“Outside is all noise.
The dripping roar of rain on leaves and the top of the tin -top caravan. The flick and buzz of flies as they hit the windows panes luring, bright light.
It’s past midnight and my head hurts from premonition and the lack of ability to define.
“In this life so much magik weaving…….?
Oh muse, where have you been?”
REAL TIME……are we arriving there?
Losing the Ego……what happens if ALL people begin to evolve in this direction?
The return of Merlin to Avalon…..(recognition of our true heros/leaders that loose the ego)
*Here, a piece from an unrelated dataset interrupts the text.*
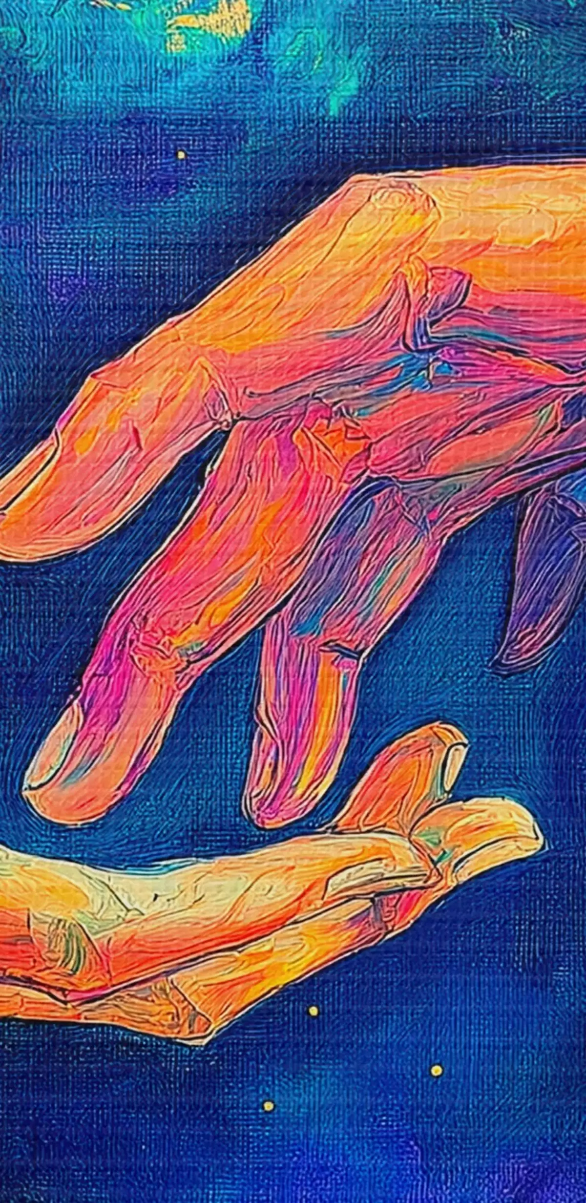 Maalid Abstraktne kompositsioon kahest käest, mis ulatuvad üksteise poole, elava värvipaleti kosmilisel taustal Nr s42937
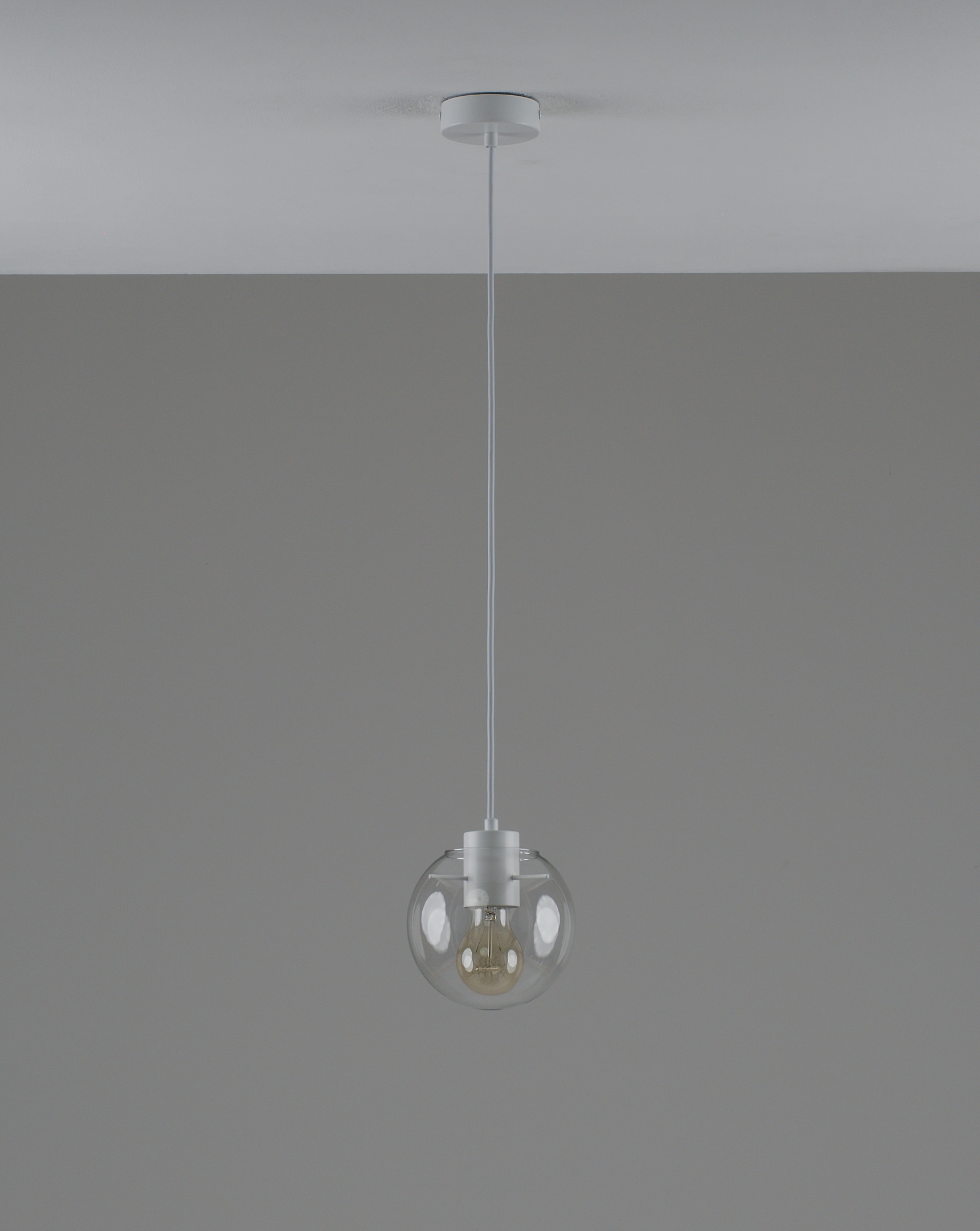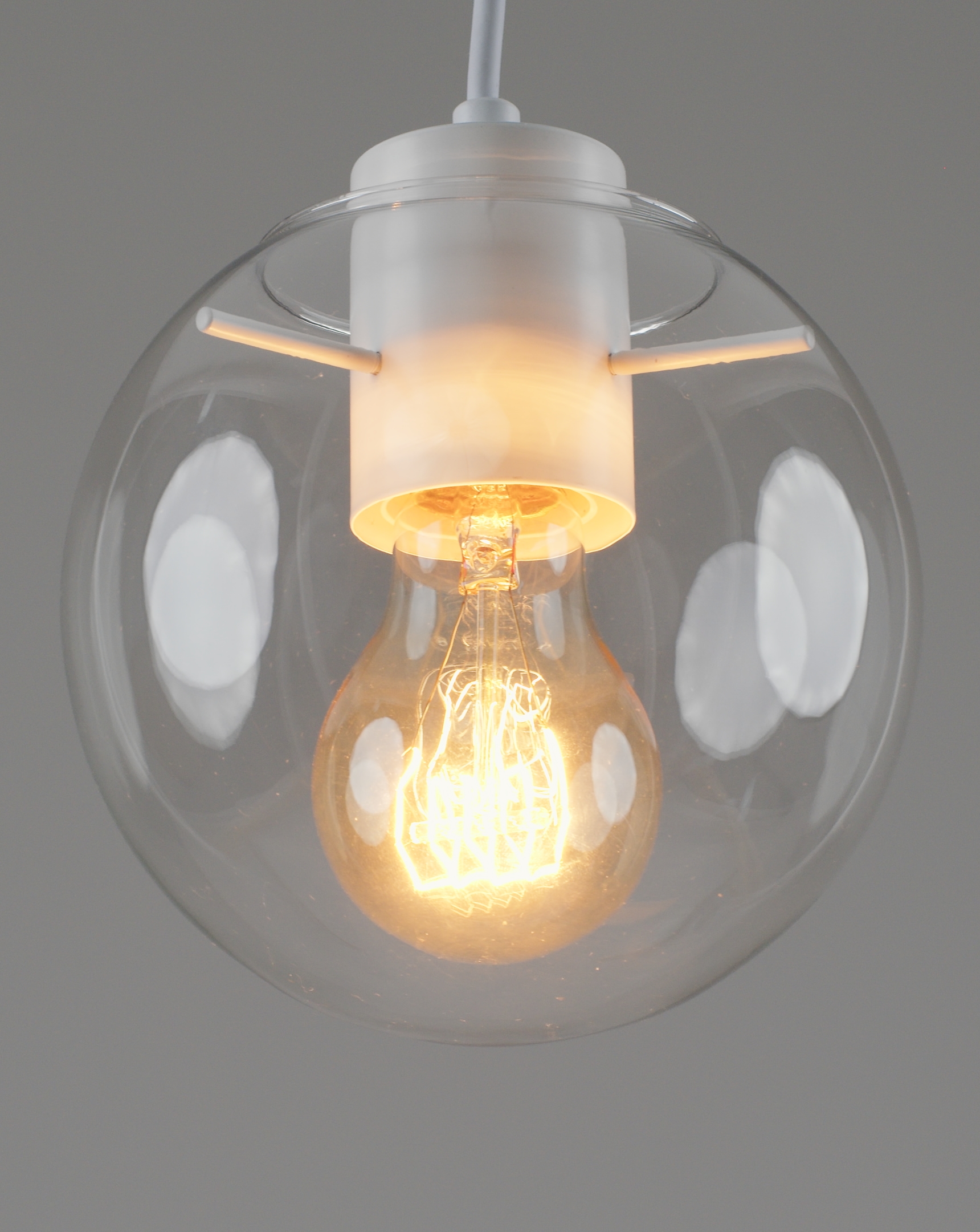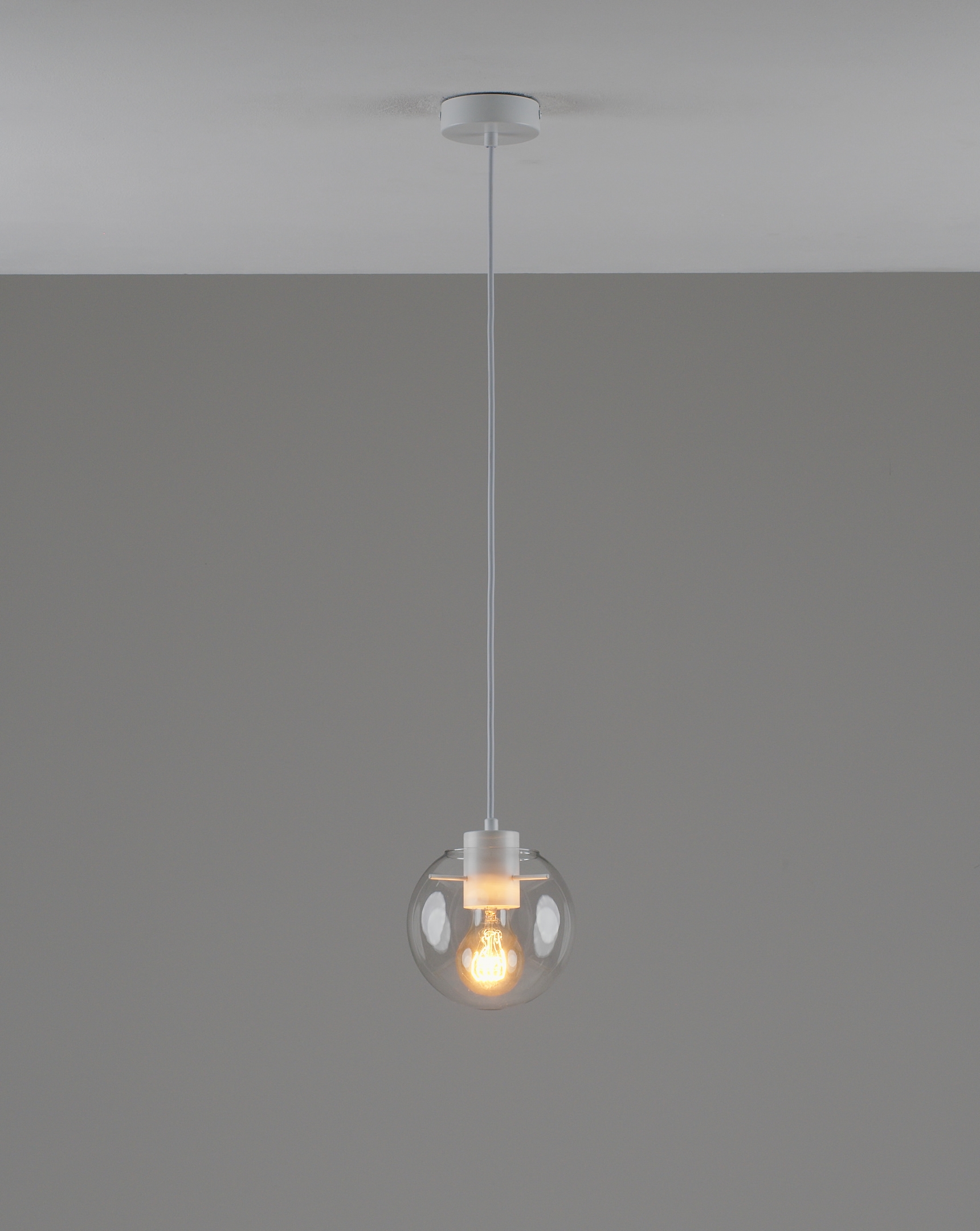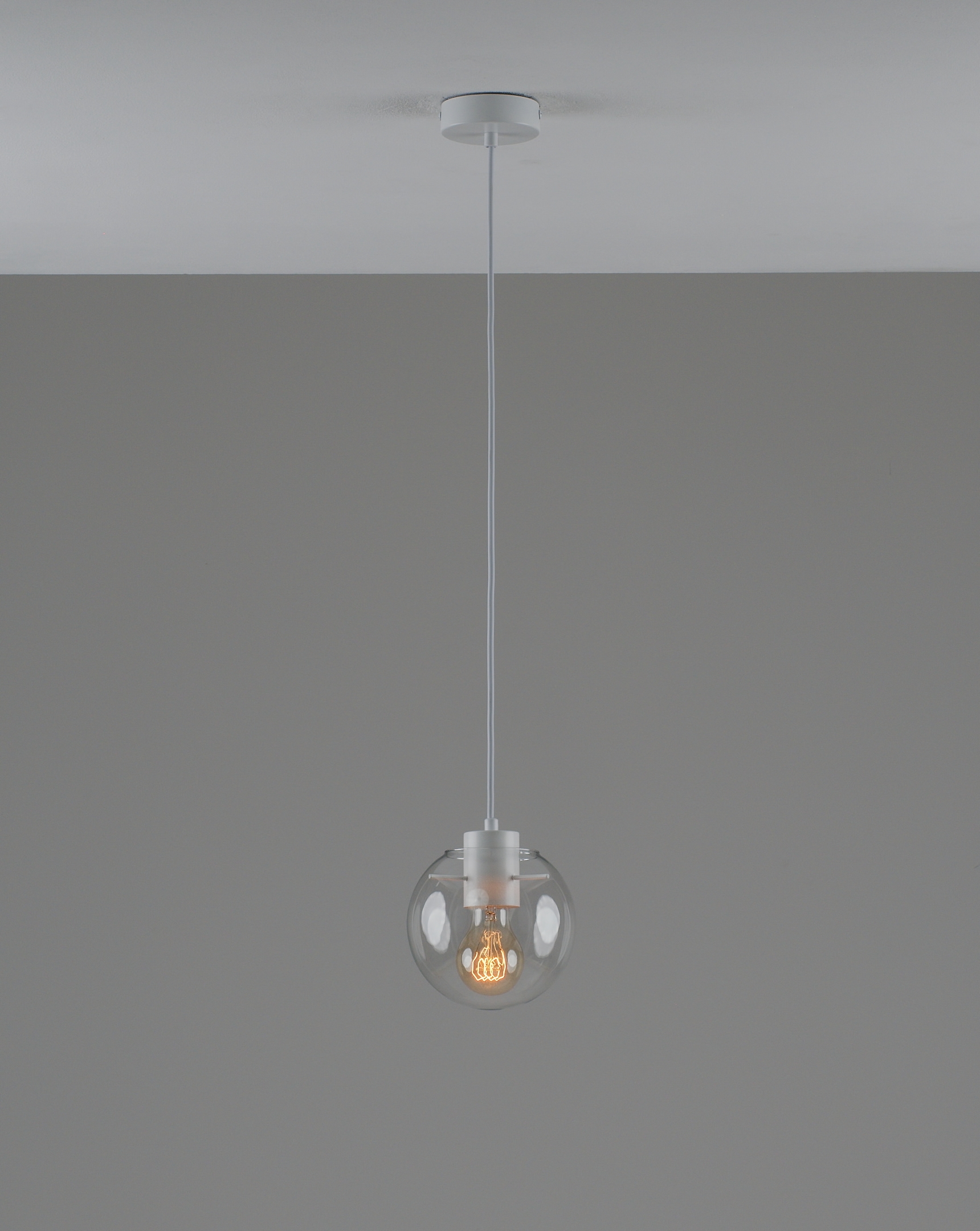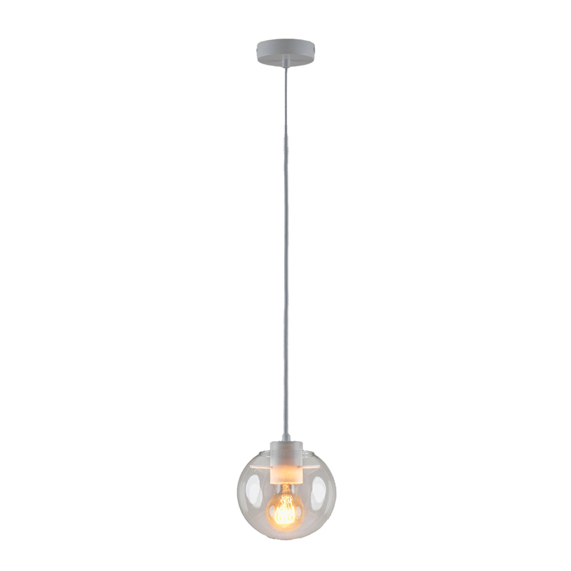 Запросить индивидуальное предложениеПодвесной светильник в современном стиле с плафоном из прозрачного стекла и арматурой белого цвета. Диаметр стеклянного плафона 15 см, в качестве источника света могут быть использованы лампы накаливания или LED с цоколем Е27.

Shapeshifting. Animist. Fertility.
(the Felindyrch shape-shifter that murdered the seven sons of Merlin……?)
Merlin vs Pan?
These synchronicities why are they so important and how do they fit together!?”
Dense, sensitive, slow hum,
Hum humming of life.
Flutter of butterfly wings
and chirrup of buzzing things.
The trickle chuckle river and the
warm, ticklish air.
I should throw myself down in the long, itchy grass.
I should walk, feel free and strong….
But I just will lay here, feeling good
for not doing.
What I should.
(If I cannot focus my energy into something soon I shall……..?)
Chipping off the old block
Tick tock, what rot,
Laid to rest, now he’s gone.
Gone to stray away.
Flip out again. Go crazy. Stuck on flowers
Reflect the glare.
Gasp for air.
A butterfly existence.
A fragile broken hair hits the breeze.
Teetering on the edge of time.
No where, but here.
I miss the running, but feel
like I’ve finished the race.
Arrived at a place.
Elastic emotions twang and snap
Every moment comes back to
Individuality is unfathomable.
We are all alone.
Flimsy in timeless, gruesome heat.
Auburn textured tunes of other times.
Marching on weary calloused feet.
Crawling now on hands and knees.
Please, please, please, please.
A great swan, like a star, flies into a blackened gap, like a void.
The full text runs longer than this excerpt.